**DATASET EXCERPTS:**
|---|

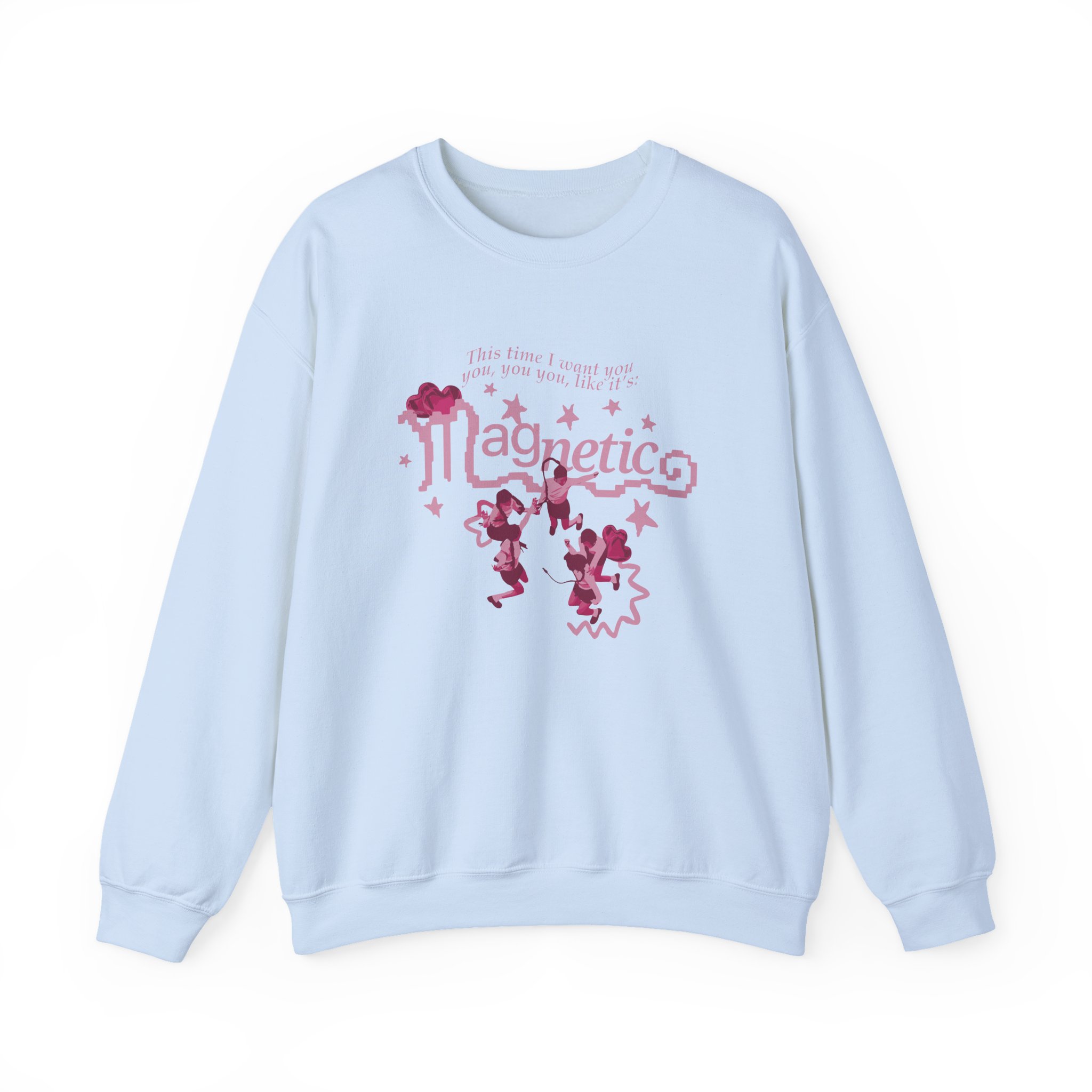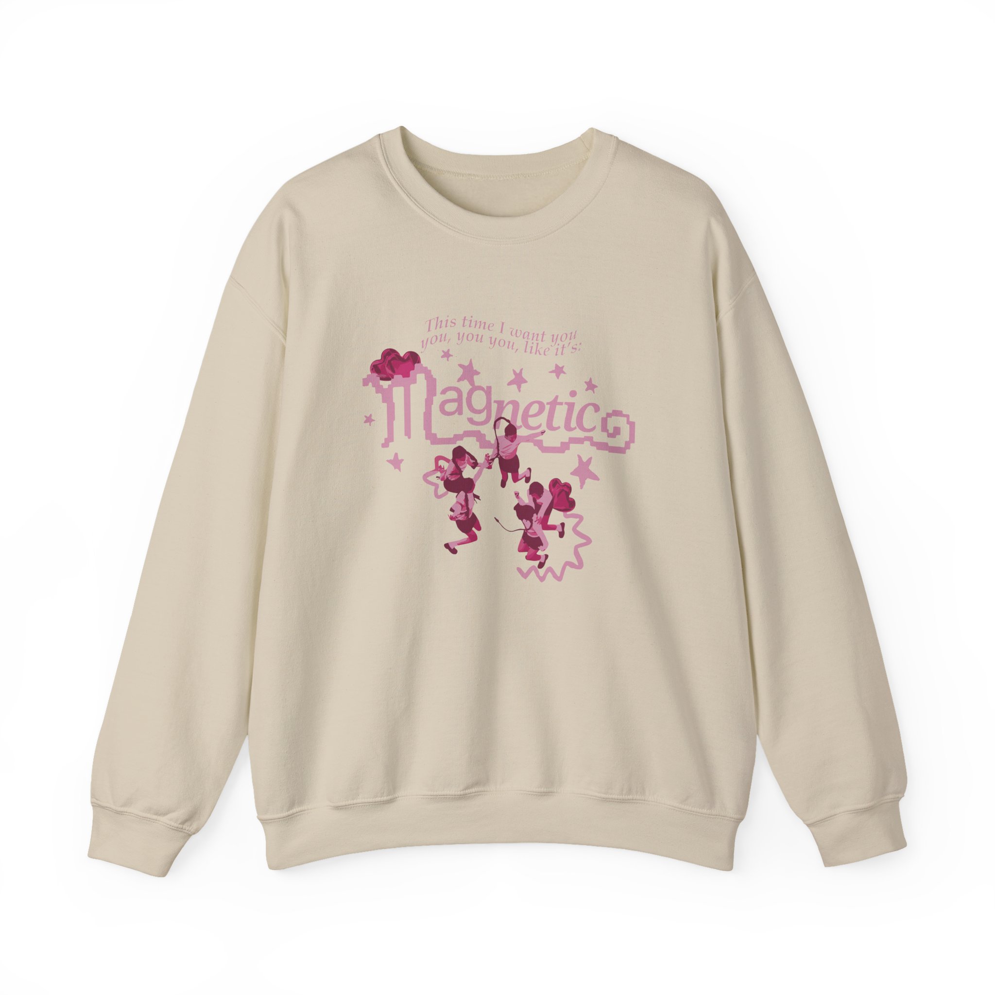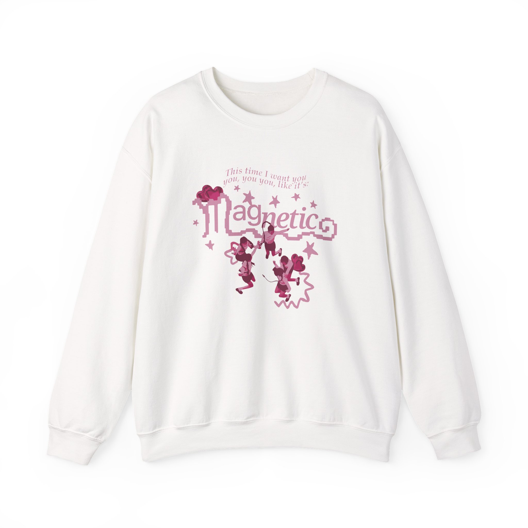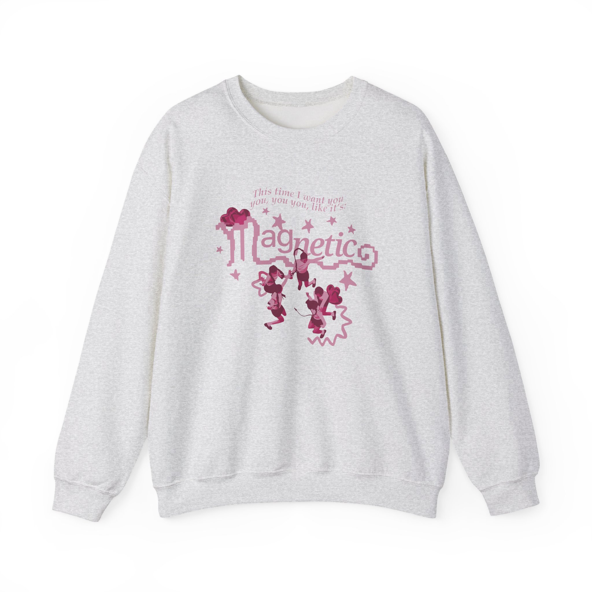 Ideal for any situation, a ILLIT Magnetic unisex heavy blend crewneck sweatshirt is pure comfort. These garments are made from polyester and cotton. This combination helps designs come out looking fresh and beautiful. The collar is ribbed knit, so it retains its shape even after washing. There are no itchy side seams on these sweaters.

|---|

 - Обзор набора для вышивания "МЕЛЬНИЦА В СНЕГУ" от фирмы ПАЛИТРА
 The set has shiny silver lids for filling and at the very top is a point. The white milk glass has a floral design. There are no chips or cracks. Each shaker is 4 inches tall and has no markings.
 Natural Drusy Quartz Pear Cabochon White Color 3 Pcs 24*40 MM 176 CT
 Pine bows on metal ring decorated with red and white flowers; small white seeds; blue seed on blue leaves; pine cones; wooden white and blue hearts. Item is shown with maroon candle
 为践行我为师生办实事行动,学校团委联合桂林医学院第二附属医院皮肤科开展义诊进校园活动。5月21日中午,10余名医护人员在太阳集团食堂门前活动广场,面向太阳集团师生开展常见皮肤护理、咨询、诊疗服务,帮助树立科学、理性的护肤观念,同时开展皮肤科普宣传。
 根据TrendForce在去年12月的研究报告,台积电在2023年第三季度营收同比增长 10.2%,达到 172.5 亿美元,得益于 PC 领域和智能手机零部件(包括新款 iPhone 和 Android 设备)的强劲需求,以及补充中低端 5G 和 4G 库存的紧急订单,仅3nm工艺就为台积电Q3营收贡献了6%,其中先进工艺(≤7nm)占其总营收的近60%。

|---|

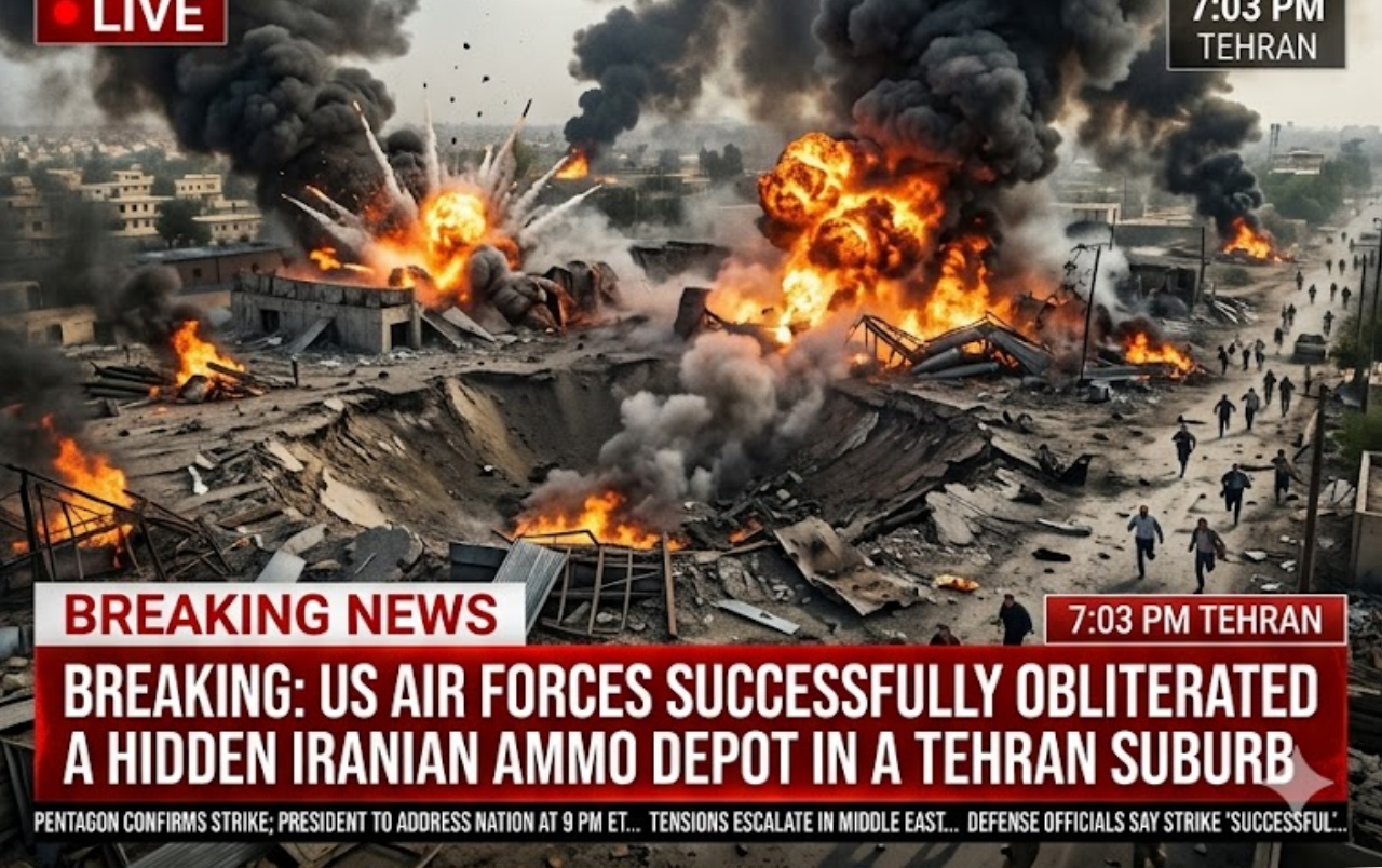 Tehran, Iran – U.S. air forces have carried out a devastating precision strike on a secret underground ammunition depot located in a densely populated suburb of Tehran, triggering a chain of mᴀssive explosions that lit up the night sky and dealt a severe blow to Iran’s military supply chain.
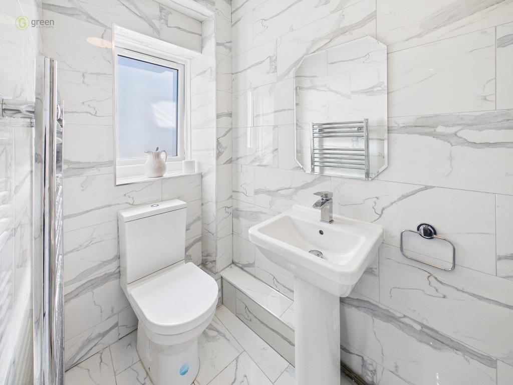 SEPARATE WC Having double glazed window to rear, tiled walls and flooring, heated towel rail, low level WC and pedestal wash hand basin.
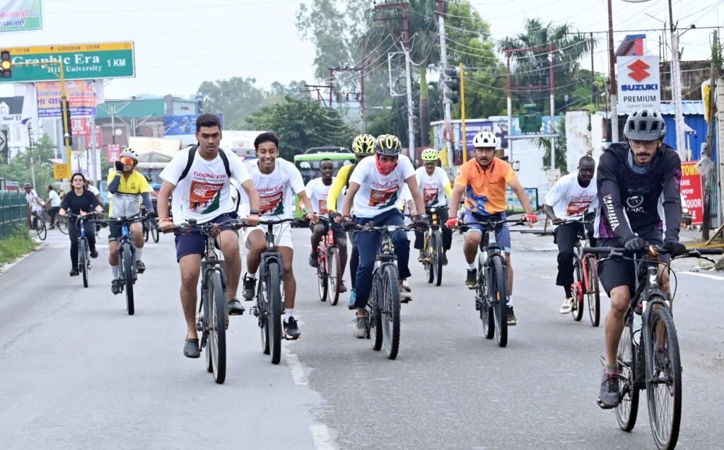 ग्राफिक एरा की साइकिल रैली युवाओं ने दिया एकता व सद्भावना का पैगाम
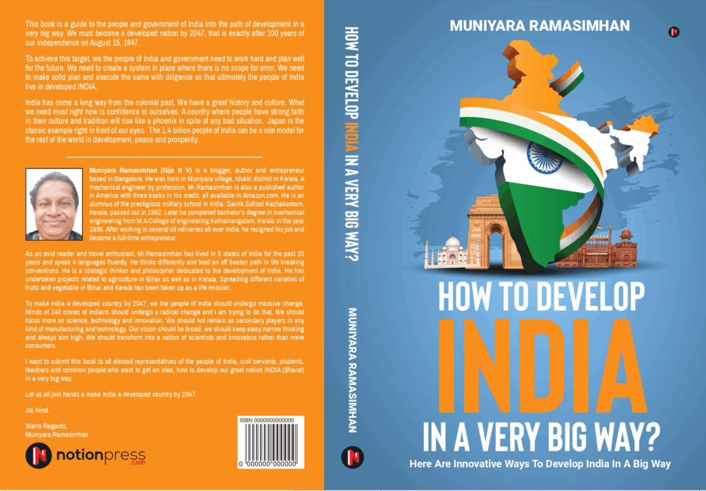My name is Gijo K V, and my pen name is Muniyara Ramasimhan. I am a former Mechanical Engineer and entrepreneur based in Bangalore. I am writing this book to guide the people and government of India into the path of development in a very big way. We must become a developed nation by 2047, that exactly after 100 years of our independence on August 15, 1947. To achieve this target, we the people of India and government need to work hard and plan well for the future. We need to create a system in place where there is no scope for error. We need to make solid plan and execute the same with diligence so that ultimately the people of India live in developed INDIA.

|---|

**WHAT THE EXERCISE ASKS:** All lines above from the one with "- Обзор набора" to the one with "根据TrendForce在去年12月的研究报告,台积电在2023年第三季度营收同比增长 10.2%,达到 172.5", inclusive, should be copied exactly, and no other lines.

**EXERCISE RESULT:**
 - Обзор набора для вышивания "МЕЛЬНИЦА В СНЕГУ" от фирмы ПАЛИТРА
 The set has shiny silver lids for filling and at the very top is a point. The white milk glass has a floral design. There are no chips or cracks. Each shaker is 4 inches tall and has no markings.
 Natural Drusy Quartz Pear Cabochon White Color 3 Pcs 24*40 MM 176 CT
 Pine bows on metal ring decorated with red and white flowers; small white seeds; blue seed on blue leaves; pine cones; wooden white and blue hearts. Item is shown with maroon candle
 为践行我为师生办实事行动,学校团委联合桂林医学院第二附属医院皮肤科开展义诊进校园活动。5月21日中午,10余名医护人员在太阳集团食堂门前活动广场,面向太阳集团师生开展常见皮肤护理、咨询、诊疗服务,帮助树立科学、理性的护肤观念,同时开展皮肤科普宣传。
 根据TrendForce在去年12月的研究报告,台积电在2023年第三季度营收同比增长 10.2%,达到 172.5 亿美元,得益于 PC 领域和智能手机零部件(包括新款 iPhone 和 Android 设备)的强劲需求,以及补充中低端 5G 和 4G 库存的紧急订单,仅3nm工艺就为台积电Q3营收贡献了6%,其中先进工艺(≤7nm)占其总营收的近60%。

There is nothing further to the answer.